WHAT IS REQUIRED:
No picture belongs in the answer, which must hold exactly the lines from the one with "2 3 4 5 6 7" through the final line below.

===== RECORDS FOR THIS TASK =====

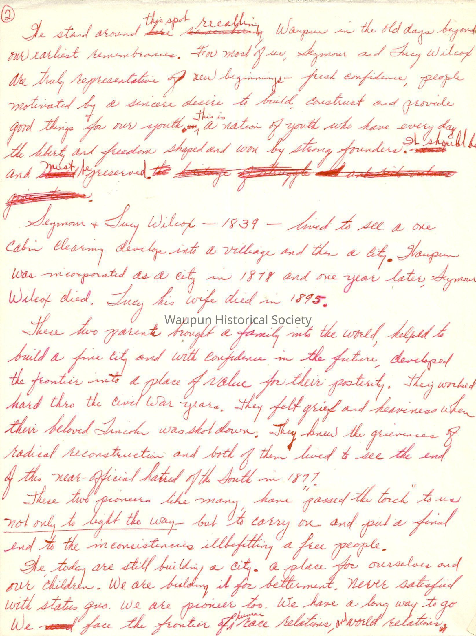 Seymour & Lucy Wilcox - 1839 - lived to see a one cabin clearing develop into a village and then a city. Waupun was incorporated as a city in 1878 and one year later, Seymour Wilcox died. Lucy his wife died in 1895.
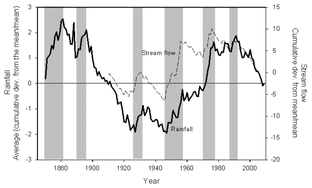 Normalized cumulative deviations from the long-term mean annual rainfall for South East Queensland (SEQ) between 1870 and 2009, and average discharge across three river gauging stations with long-term data: Wide Bay Creek (1910–2005), Munna Creek (1928–2005) and Albert River (1910–2005) (modified from [7]). Vertical shaded bands show extended wet periods of above average rainfall and stream flow.
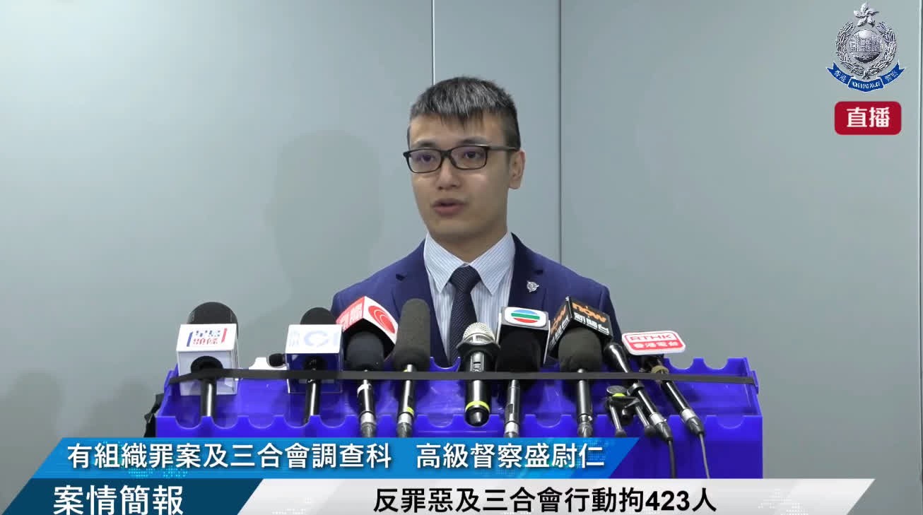 香港警方指,行動中搗破多個非法賭場、毒窟、無牌按摩院及酒吧並拘捕423人。直播截圖 行動中,香港警方檢獲約13萬現金、一批約市值300萬的毒品,包括1.9公斤可卡因、1.5公斤冰毒及其他毒品、大批賭博工具及武器,當中包括4把刀及一支伸縮棍。 警方有組織罪案及三合會調查科高級督察盛尉仁表示,至19日行動合共拘捕423人,包括281名男子及142名女子,年齡介乎16至93歲,當中包括81名非華裔人士,涉嫌傷人、襲擊至身體造成傷害、藏有攻擊性或違禁武器、非法集結、刑事毀壞、販運及藏有危險藥物、經營毒窟、以欺詐手段獲得財產、洗黑錢、經營非法賭場及按摩院、非法入境以及違反逗留條件被捕。被捕人當中,93歲被捕女子涉及一宗於長洲非法賭場內賭博案件。 香港警方重申,打擊三合會、犯罪集團及有組織罪行是警務處處長首要行動項目之一。香港警方絕不容忍涉及三合會的非法活動,會不遺餘力繼續以情報主導的行動全力打擊三合會及堵截其收入來源。(完) 【編輯:許豐悅】
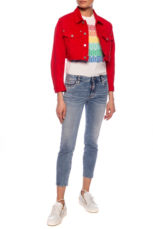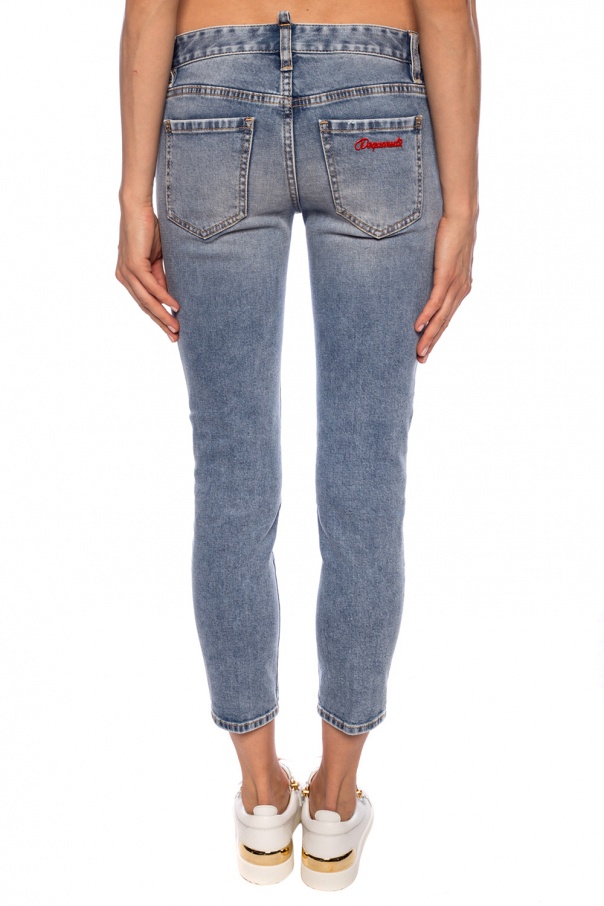 Blue ‘Cropped Twiggy Jean’ distressed jeans from Dsquared2. Zip and button fastening. Two slip pockets on the front, two at the back. Decorated with a red logo applique. Tapered legs.
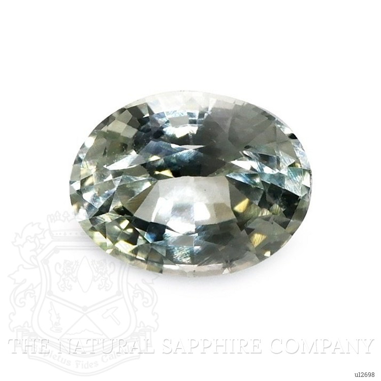 The ring features a beautiful, transparent 0.49 carat oval shape grey sapphire with the dimensions of 5.26 x 4.11 x 2.87 mm and a mixed brilliant cut. It has a clarity grade of eye clean (evaluated at eye level), very light color saturation, and an excellent polish. The origin of this sapphire is Montana.
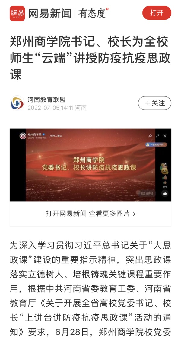 7月5日,网易新闻以“beat365唯一官网书记、校长为全校师生‘云端’讲授防疫抗疫思政课”为题,报道beat365为深入学习贯彻习近平总书记关于“大思政课”建设的重要指示精神,突出思政课落实立德树人、培根铸魂关键课程重要作用,根据中共河南省委教育工委、河南省教育厅《关于开展全省高校党委书记、校长“上讲台讲防疫抗疫思政课”活动的通知》要求,党委书记、校长云端开讲,为全校师生讲授“防疫抗疫”思政课。现将原文摘录如下:
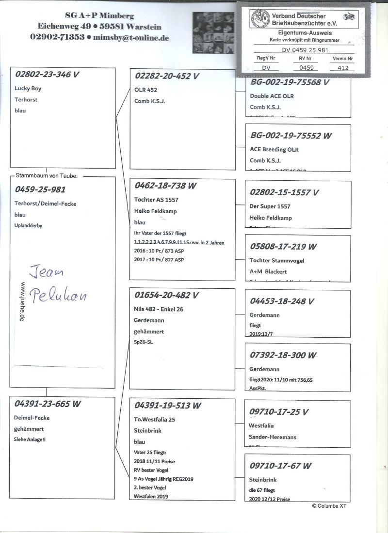 Gołębie ze wspólnego gołębnika UPLAND DERBY Willingen,szczegóły pochodzenia w rodowodzie.Gołębie brały udział w 11 lotach treningowych , 4 konkursowych i 5 lot Finałowy 344km,Więcej informacji pod nr tel.: 603 312 976, Wyniki dostępne klikając w link ,transport gołębi po wcześniejszej wpłacie pieniążków na konto .Gołębie będą rozwożone po 07.11.2025 ,koszt transportu 1-3szt-120zł,3-6szt-140zł płatne kurierowi.
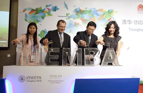 TIEMBA项目是清华EMBA教育中心于2007年与法国INSEAD商学院在平等合作的基础上启动的,致力于走向国际市场的高级工商管理学位项目,该项目面向全球、全英文授课,是中国大陆第一个在平等合作基础上授予双学位的EMBA项目。基于清华经管学院和INSEAD商学院在学术界的显著地位和声望,项目今天已经走过了五载时光,共招收了来自全球五大洲、30多个国家的同学参加。项目以高起点切入高端管理教育市场,以高质量保证教学成果,逐渐成为一个亚洲甚至世界名列前茅的国际EMBA项目。
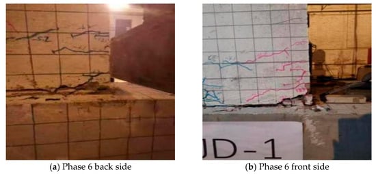 Phase 6: Column lateral faces developed longitudinal cracks. During the −8.1 cycle, beam-end spalling exposed reinforcement, with complete perimeter cracking through beam cross-sections (Figure 9).
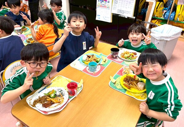 2026/03/23 お別れ会楽しかったよ☆(給食編) 出し物の後は、お楽しみの給食!お別れ会はバイキング形式で行われました!みんな自分の好きなものをおかわりして、お腹いっぱい食べました♪ お別れ会メニューおいしかったね♪ 1 2 3 4 5 6 7
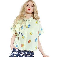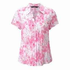 女士休闲衬衫/上衣/衬衫,55/45棉/多色织物,褶边细节,小领
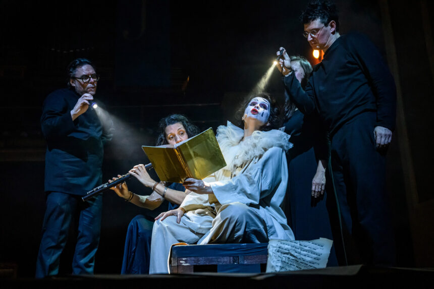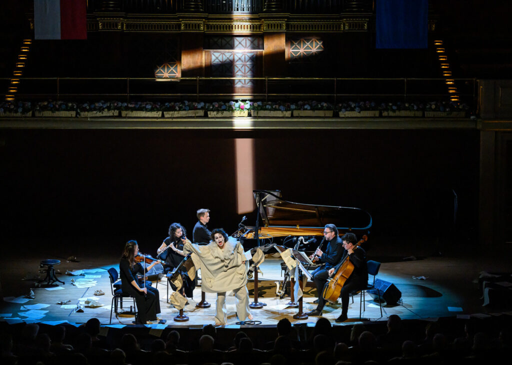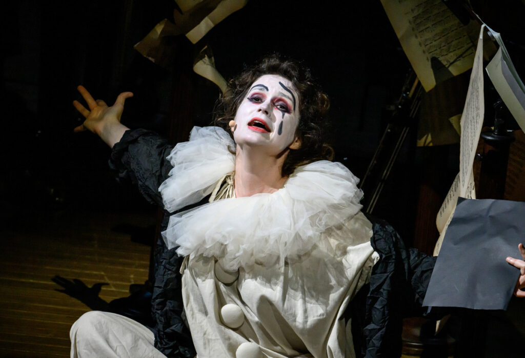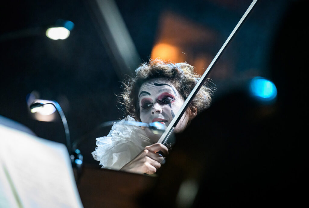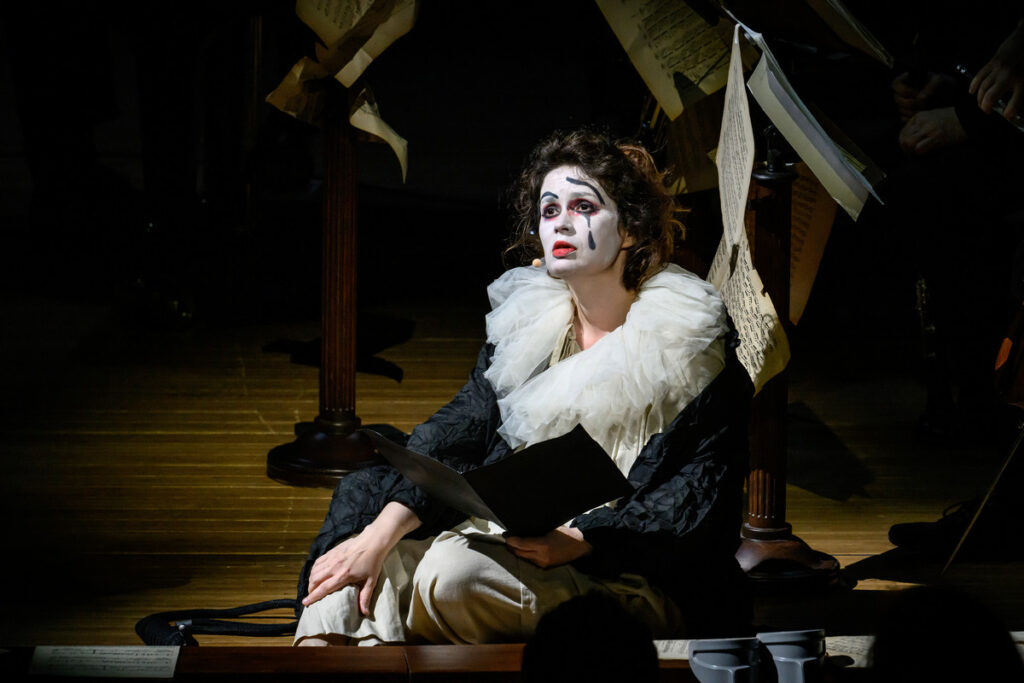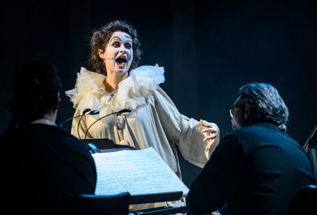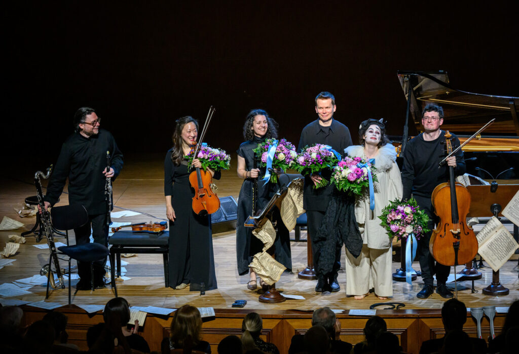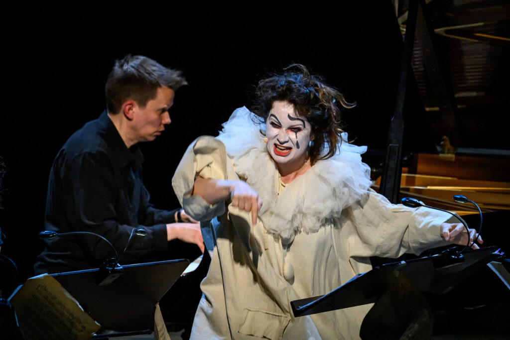 Pierrot lunaire, op. 21 „Třikrát sedm básní z díla Alberta Girauda ‚Pierrot lunaire‘“ – takový je celý název volně atonálního cyklu Arnolda Schönberga (daného večera paradoxně nejdříve narozeného komponisty), jehož název bývá do češtiny překládán jako Náměsíčný pierot či Měsíční pierot. A Pierrot lunaire byl i název celého pražskojarního programu v Rudolfinu, který v druhé polovině večera našel své těžiště, kdy k trojici předchozích muzikantů se přidali tři další Meesun Hong Coleman (housle), Júlia Gállego (flétna) a Thomas Kaufmann (violoncello). Ikonické, přelomové, symbolistní dílo nemá lineární příběh, jde spíš o vnitřní drama, sled snových obrazů, kde se pierot, archetyp smutného klauna, mění z tragikomické postavičky v zrcadlo lidské duše – rozervané, směšné i zoufalé. Skladatel si od recitátora přál zvláštní typ deklamace, který nazval Sprechgesang – nemá jít o zpívaný tón, nýbrž „melodii s pečlivým zřetelem k tónovým výškám“. Interpret nemá upadnout do zpěvavé mluvy, autor požadoval, aby si byl přesně vědom rozdílu mezi zpívaným a mluveným tónem. Rozdíl definoval tak, že zpívaný tón zachovává tónovou výšku beze změny; mluvní tón ji sice udá, hned ji však zase opouští v klesání nebo stoupání… je zřejmé, že pro hlavní interpretku dílo představuje nelehký, nestandardní úkol. Navíc, málokdy se s hudebním opusem pojí termín „expresionismus“, tady však tane na mysl.

=====

RESULT FOR THIS EXERCISE:
 2026/03/23 お別れ会楽しかったよ☆(給食編) 出し物の後は、お楽しみの給食!お別れ会はバイキング形式で行われました!みんな自分の好きなものをおかわりして、お腹いっぱい食べました♪ お別れ会メニューおいしかったね♪ 1 2 3 4 5 6 7
 女士休闲衬衫/上衣/衬衫,55/45棉/多色织物,褶边细节,小领
 Pierrot lunaire, op. 21 „Třikrát sedm básní z díla Alberta Girauda ‚Pierrot lunaire‘“ – takový je celý název volně atonálního cyklu Arnolda Schönberga (daného večera paradoxně nejdříve narozeného komponisty), jehož název bývá do češtiny překládán jako Náměsíčný pierot či Měsíční pierot. A Pierrot lunaire byl i název celého pražskojarního programu v Rudolfinu, který v druhé polovině večera našel své těžiště, kdy k trojici předchozích muzikantů se přidali tři další Meesun Hong Coleman (housle), Júlia Gállego (flétna) a Thomas Kaufmann (violoncello). Ikonické, přelomové, symbolistní dílo nemá lineární příběh, jde spíš o vnitřní drama, sled snových obrazů, kde se pierot, archetyp smutného klauna, mění z tragikomické postavičky v zrcadlo lidské duše – rozervané, směšné i zoufalé. Skladatel si od recitátora přál zvláštní typ deklamace, který nazval Sprechgesang – nemá jít o zpívaný tón, nýbrž „melodii s pečlivým zřetelem k tónovým výškám“. Interpret nemá upadnout do zpěvavé mluvy, autor požadoval, aby si byl přesně vědom rozdílu mezi zpívaným a mluveným tónem. Rozdíl definoval tak, že zpívaný tón zachovává tónovou výšku beze změny; mluvní tón ji sice udá, hned ji však zase opouští v klesání nebo stoupání… je zřejmé, že pro hlavní interpretku dílo představuje nelehký, nestandardní úkol. Navíc, málokdy se s hudebním opusem pojí termín „expresionismus“, tady však tane na mysl.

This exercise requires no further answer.